Report: East Coast in store for more floods, stronger storms

 Floodwaters from Sandy inundate Point Pleasant, New Jersey, in 2012.(Phil Gregory/WHYY)

Floodwaters from Sandy inundate Point Pleasant, New Jersey, in 2012.(Phil Gregory/WHYY)

A new study predicts severe flooding along the East Coast will become more frequent.


Princeton University geosciences professor Michael Oppenheimer, who helped write the study report, said greenhouse-gas buildup and global warming will cause sea levels to keep rising and hurricanes to become more intense.

“As we get toward the end of this century, potentially a flood like Sandy could occur every few years,” he said Wednesday. “And since we haven’t even as yet recovered from Hurricane Sandy, that means we won’t have time in between these events to recover from the knockout punches.”

Coastal planning efforts are ineffective, Oppenheimer said, because it takes decades to plan, raise the money, and build projects to protect the coast from an increasing flood threat.

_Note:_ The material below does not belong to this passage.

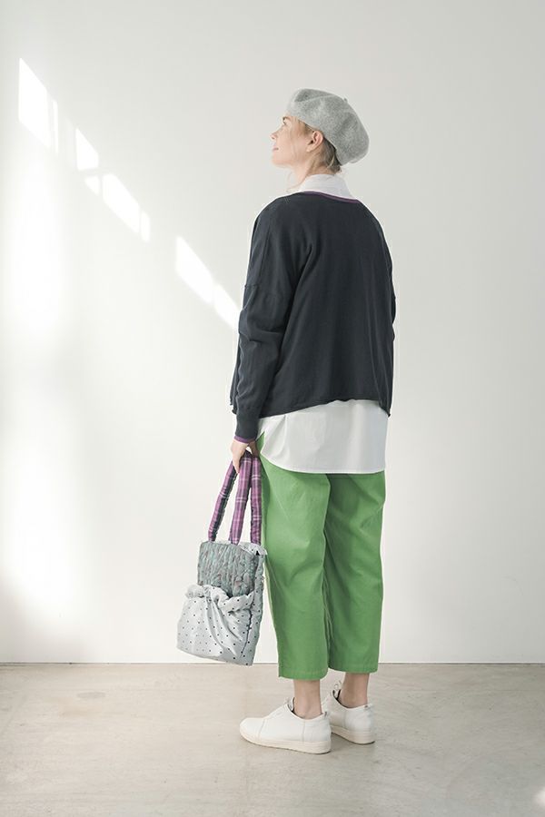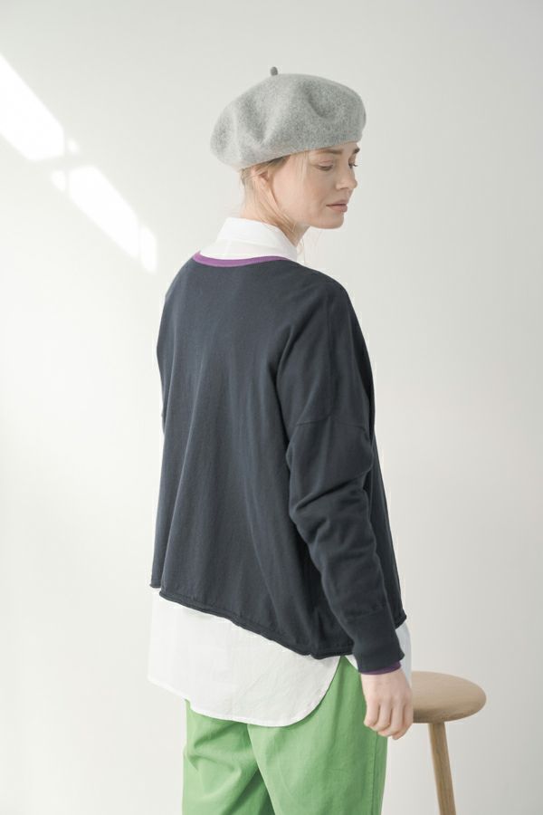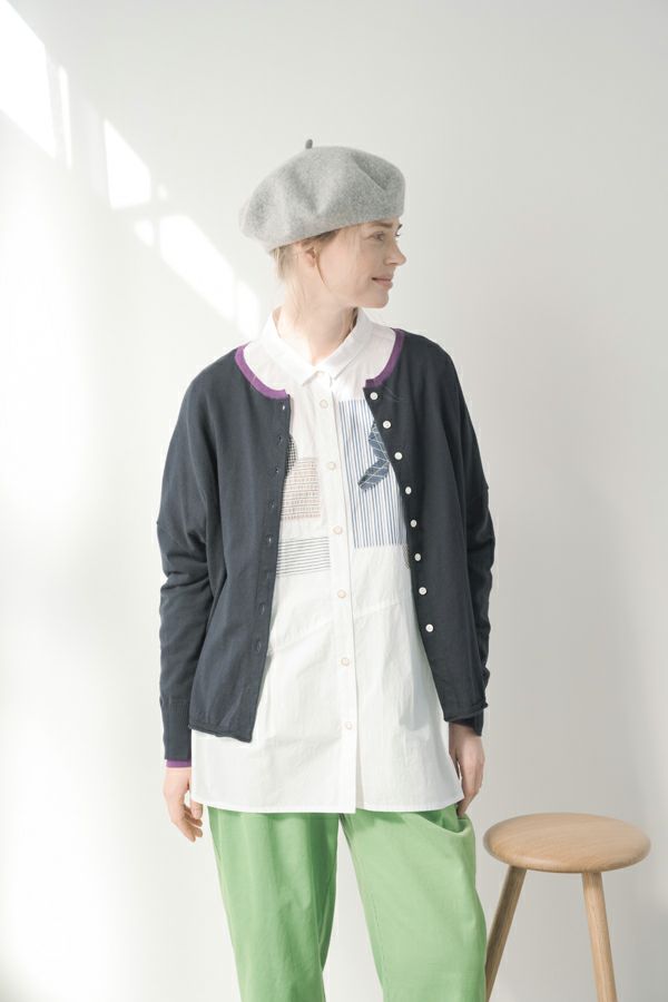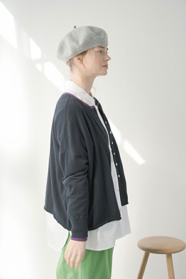 シルク混の滑らかな肌触りが着心地よい前後着用可能なカーディガン。 大きすぎず、小さすぎない絶妙なバランスの衿ぐりが女性らしい衿元をつくってくれます。袖口リブは二枚重ね。上側リブを折り返すと袖口変化が楽しめます。 カーディガンとしてはもちろん、釦を留めるとプルオーバーとしても着用でき、そして後身を前にして浅丸首プルオーバーとしても着用可能の着回しが万能カーディガンです。 シンプルなスタイリングにも、ぱっと羽織るだけで着映えする1着は、カジュアルから綺麗めまで幅広くコーディネートをお楽しみいただけます。 ●ご自宅で手洗い可能
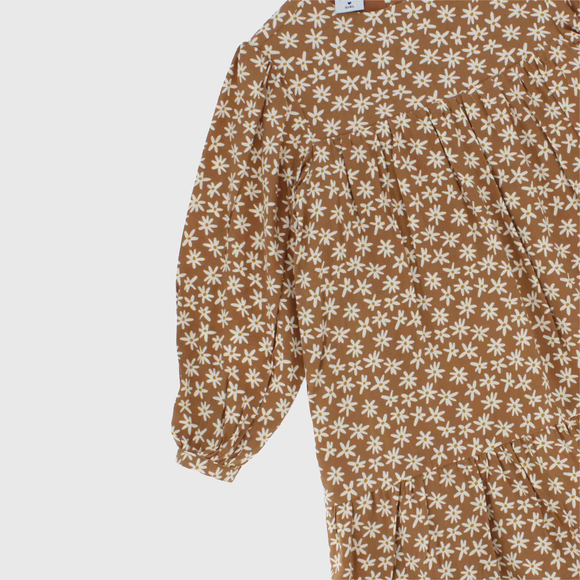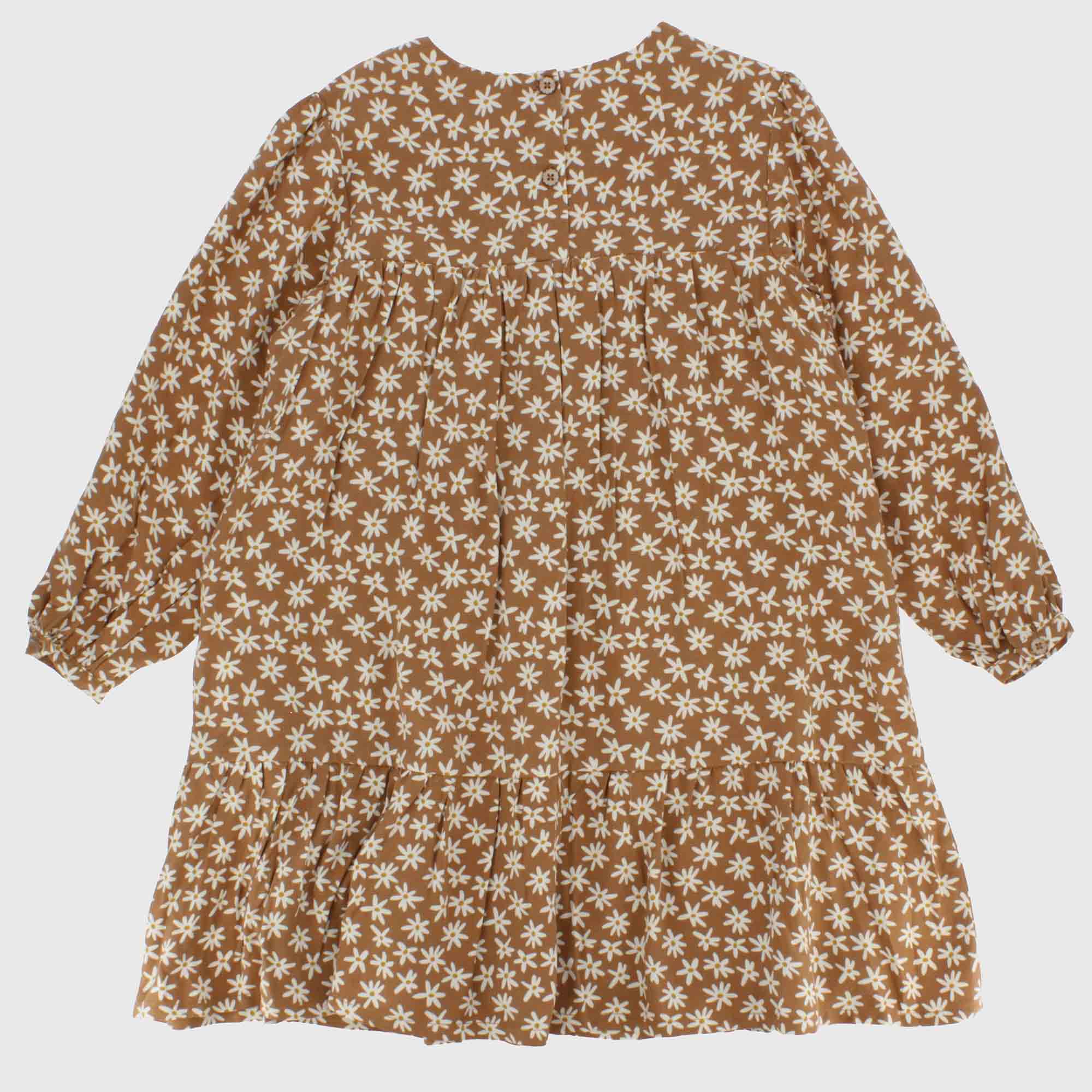 Vestito in tessuto stampato a fiori, con collo rotondo. Maniche lunghe a sbuffo con bottoncino sul fondo. Chiusura con bottoncini sul retro. Interno foderato.

And it’s tough to convince decision makers to commit money to preventive measures.

“How do you get the political will to plan a big infrastructure expense, for instance building sea walls in some places or a surge barrier for a city like New York, when it’s tens of billions of dollars and you can’t tell people this is an urgent necessity that has to be in place today?” he said.

But less costly precautions could also reduce the impact of flooding from future storms.

“There’s no reason why we shouldn’t be raising air vents, which just let water pour into … subway systems, and why the entrances to tunnels and subways shouldn’t be blocked temporarily when we see that a big storm is about to come,” Oppenheimer said.